Lecture Notes

Asymptotic Memoryless of Markov Chains

Posted by Wanyu Zhang on February 6, 2026

This is the first post in a series of notes taken from the Stochastic Systems class (MS&E 321) taught by Professor Peter Glynn. This series will be updated as the course progresses.

A fundamental property of Markov chains is that their long-run behavior “forgets” the initial state. More precisely, for a finite, irreducible, aperiodic Markov chain with transition matrix $P$, the $n$-step transition probabilities $P^n(x,y)$ converge to a stationary distribution $\pi(y)$ at a geometric rate. The key idea behind the proof is a clean algebraic decomposition $P^m = \delta \Lambda + (1-\delta)Q$, which separates a “memoryless” rank-1 component $\Lambda$ from a remainder $Q$. This decomposition admits a natural probabilistic interpretation via coupling, and extends to non-stationary transitions, infinite state spaces, and continuous state spaces through Doeblin’s condition.

Setup

Consider a Markov chain (MC) with:

Finite state space: $\lvert S\rvert = d < \infty$
Stationary transition matrix $P$
$P$ is irreducible and aperiodic

We begin with a technical lemma that connects irreducibility and aperiodicity to a uniform positivity condition on $P^m$.

Lemma 1. Let $P$ be the transition matrix of an irreducible Markov chain on a finite state space $S$. Then $P$ is aperiodic if and only if there exists $m \geq 1$ such that $P^m(x,y) > 0$ for all $x, y \in S$.
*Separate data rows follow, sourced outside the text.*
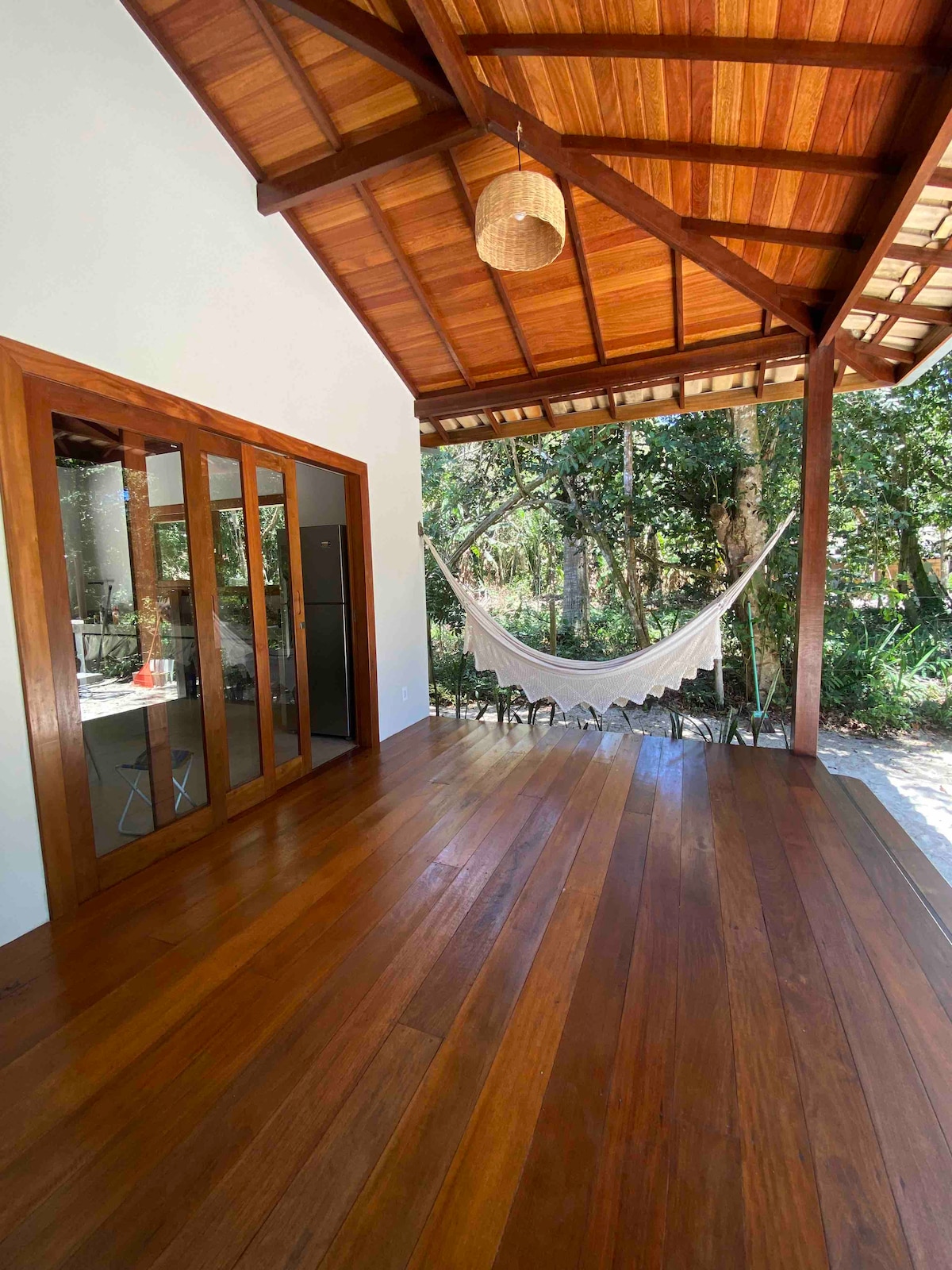 Quer relaxar e se conectar com a natureza num cantinho aconchegante e de estilo bem praiano? Nosso bangalô dispõe de um quarto amplo, com cama queen confortável, ar condicionado, Wi-Fi e frigobar, banheiro, e uma cozinha externa exclusiva e equipada com fogão e utensílios. Caminhando cerca de 10 minutos, você chega à bela praia de Guaratiba, uma praia quase que privativa, pois estamos dentro de um condomínio fechado que conta com segurança 24h. Aqui você vai realmente se sentir de férias!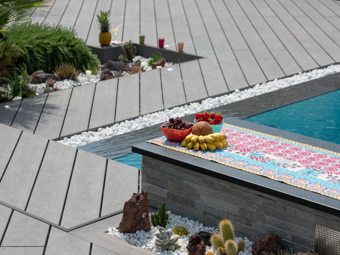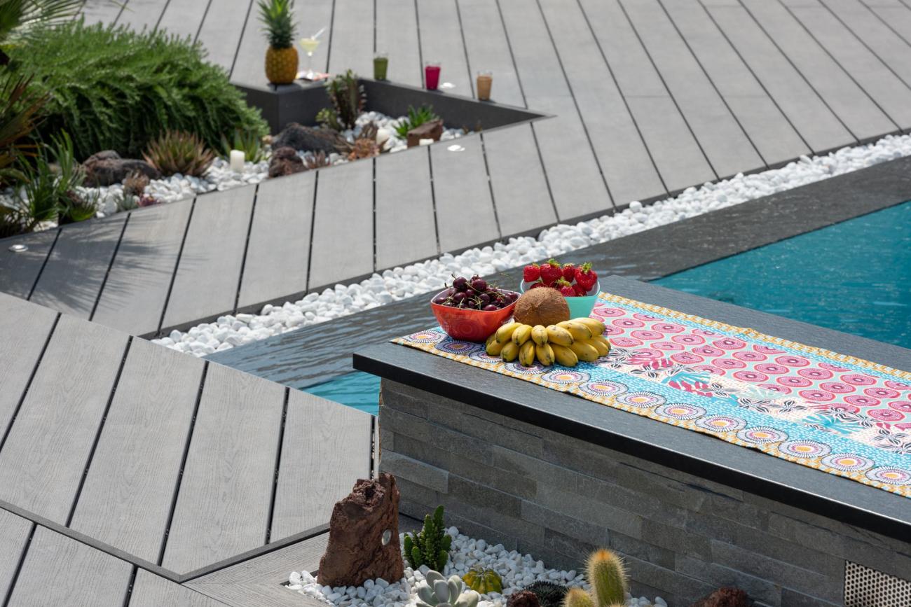 Notre lame structurée est une lame de terrasse composite pleine (non alvéolaire). Il est donc possible de la travailler comme une lame de terrasse bois : laissez parler vos envies pour imaginer votre espace extérieur !
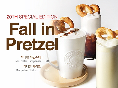 한편, 탐앤탐스는 신메뉴 출시를 기념해 23일부터 20주년 스페셜 에디션을 전 매장에서 선보인다. 폴 인 프레즐 음료 2잔과 12,000원 상당의 화이트 그란데 머그 1개로 구성한 세트를 13,000원에 한정으로 판매한다. 20주년 스페셜 에디션은 소진 시 자동 판매 종료된다.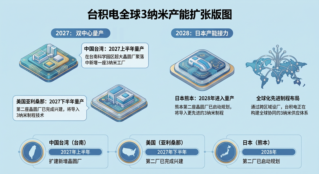 日本方面,其位于熊本的第二座晶圆厂也将导入更先进的3纳米制程,目前已启动规划,预计于2028年进入量产。

Remark. This lemma guarantees the existence of $m$ such that $P^m \gg 0$ (all entries strictly positive), which is the starting point of the convergence analysis below. We will revisit the necessity of finiteness in Lemma 1 at the end of this note.

Convergence Analysis

We first consider the case $m = 1$, i.e., $P \gg 0$.

1. Decomposition of $P$

Let $\Lambda$ be a stochastic matrix ($\Lambda \mathbf{e} = \mathbf{e}$) with identical rows, i.e., $\Lambda = \begin{bmatrix} \lambda \\ \vdots \\ \lambda \end{bmatrix}$ where $\lambda\ \mathbf{e}= 1$.

Since $P \gg 0$, there exists $\delta \in (0,1)$ such that $P \geq \delta \Lambda$. Define

\[P = \delta \Lambda + (1 - \delta) Q, \qquad Q = \frac{P - \delta \Lambda}{1 - \delta}.\]

Then $Q \geq 0$, and $Q$ is stochastic: $Q\mathbf{e} = \frac{P\mathbf{e} - \delta \Lambda\mathbf{e}}{1 - \delta}= \mathbf{e}$.

Remark. The parameter $\delta$ measures how much of $P$ can be “explained” by the memoryless component $\Lambda$. A larger $\delta$ means faster mixing.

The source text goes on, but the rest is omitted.